I think it’s fine if you don’t want to be tested. Several things we were tested for were spectrum disorders, where there’s not way to know to what degree the baby would be affected anyway. We only got tested because I work with kids and adults with developmental disabilities, and I wanted time to be prepared and organize the supports (health care, social, PT/OT) that I would need to provide optimal care to our child should a disorder be found.
It just depends on your comfort level and personal wishes!
Post # 12
Since the initial round of screenings is no more invasive than a regular blood draw, I will when pregnant have them. Just because it won’t change if I have the baby or not doesn’t mean it won’t change other things like putting away more money for expected therapy costs and finding people and organization to provide early intervention ans support. And just knowing to be mentally and emotionally prepared is a big thing to me.
Post # 13
@Cwoodward: We declined. I’ve read alot of false positives occuring with the blood tests & having unnecessary worry wasn’t something that we wanted. Also, the risks associated with amniocentesis were not ones we were okay with accepting either.

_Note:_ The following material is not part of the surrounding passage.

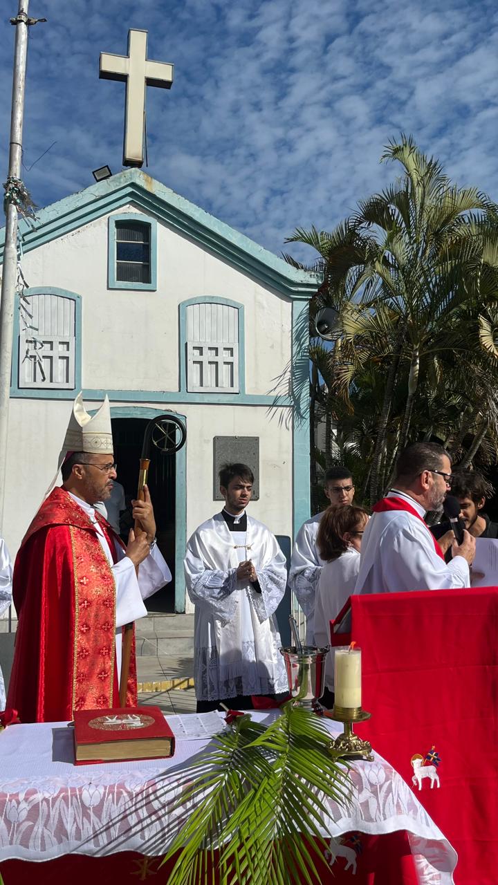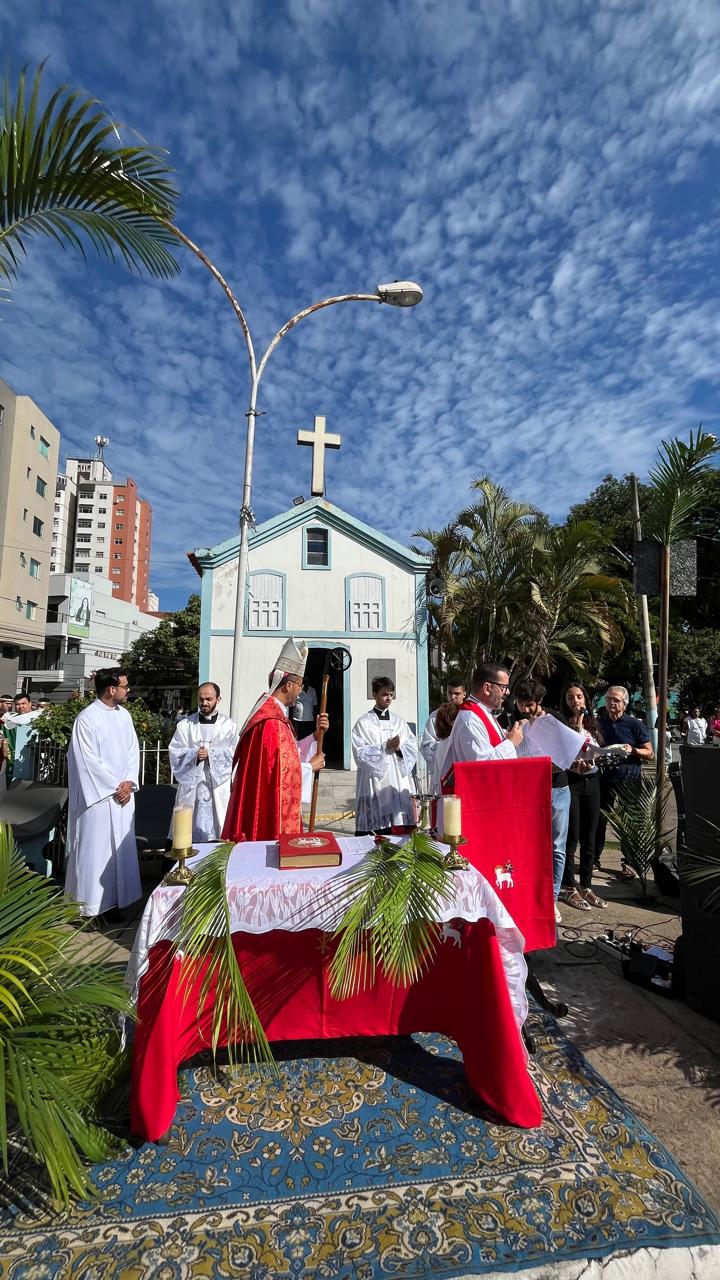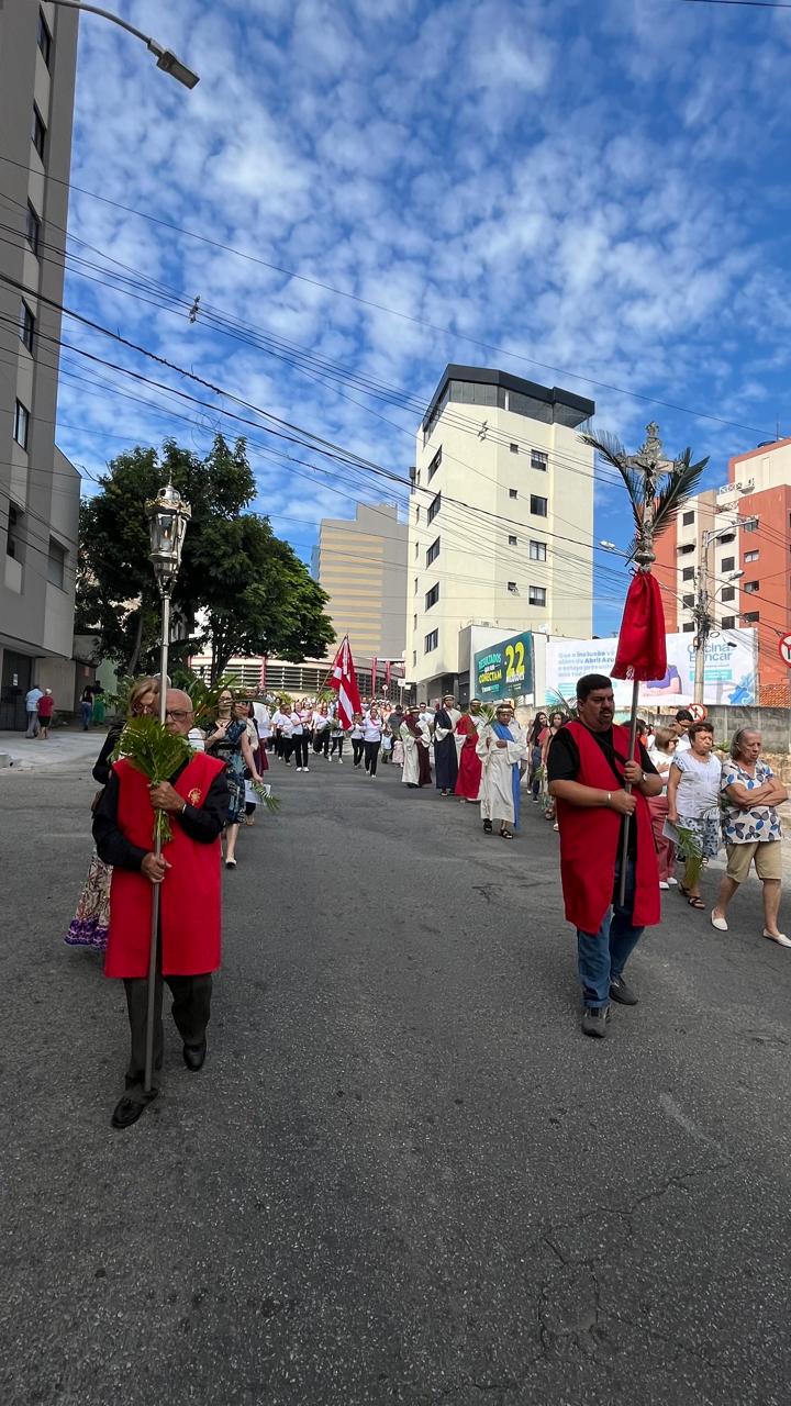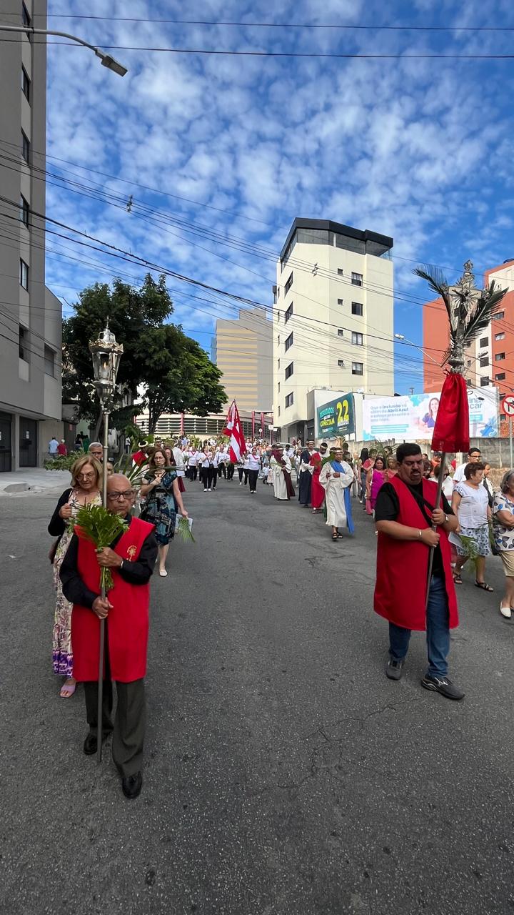 Começou ontem (14/04) , a Semana Santa, ápice da fé católica, e o bispo diocesano, Dom Geovane Luís da Silva, participou da tradicional benção de ramos realizada em frente à Capela do Rosário, na Praça do Mercado, no Centro de Divinópolis. A benção realizada às 9h da manhã reuniu dezenas de pessoas, que com ramos e cânticos seguiram em procissão até a Catedral do Divino Espírito Santo, onde foi celebrada a missa. No Domingo de Ramos, são lidos dois Evangelhos, o primeiro que relembra a entrada triunfal de Jesus em Jerusalém, e o segundo da Paixão e Morte.

We knew that many physical issues, if any are there, can be found at the anatomy scan & if there was something that needed to be addresses immediately upon birth we would find out then. Of course not all things would be seen in a scan but that was enough for us.
Post # 14
@crayfish: This is the same reason why I went through with the testing.
Post # 15
@Cwoodward: I opted for genetic testing not because I’d consider aborting, but because it’s important for the baby’s health to be as prepared as possible.
Let me give you an example: my sister gave birth to a baby boy with Down Syndrome a few years ago. The genetic testing they did revealed that he had DS, which prompted them to do further testing, because DS is known to be associated with other problems. They disccovered that my nephew had a hole in his heart and that he might need open-heart surgery shortly after birth, and that the doctors would need special equipment etc. in the delivery room. So there was never any question of aborting him, but knowing that he had this heart issue meant that his life could be saved.
Post # 16
@Cwoodward: I was convinced that I wouldn’t want to go ahead with genetic testing before I got a BFP. Once I got my BFP my DH and I started talking more serioulsy about it and decided that we will go ahead with it. Our reason for testing is that we would want to know ahead of time if baby has downs or another genetic disorder. My DH & I want to be as emotionally and financially prepared for it as possible. Whether it means moving closer to family, DH getting a new job with better health insurance.a lot of factors that we didn’t think about before.
My NT scan is at the end of this mnonth and I get nervous thinking about it, sometimes I still think about backing out of it, but then DH reassures me that its the right thing to do for us.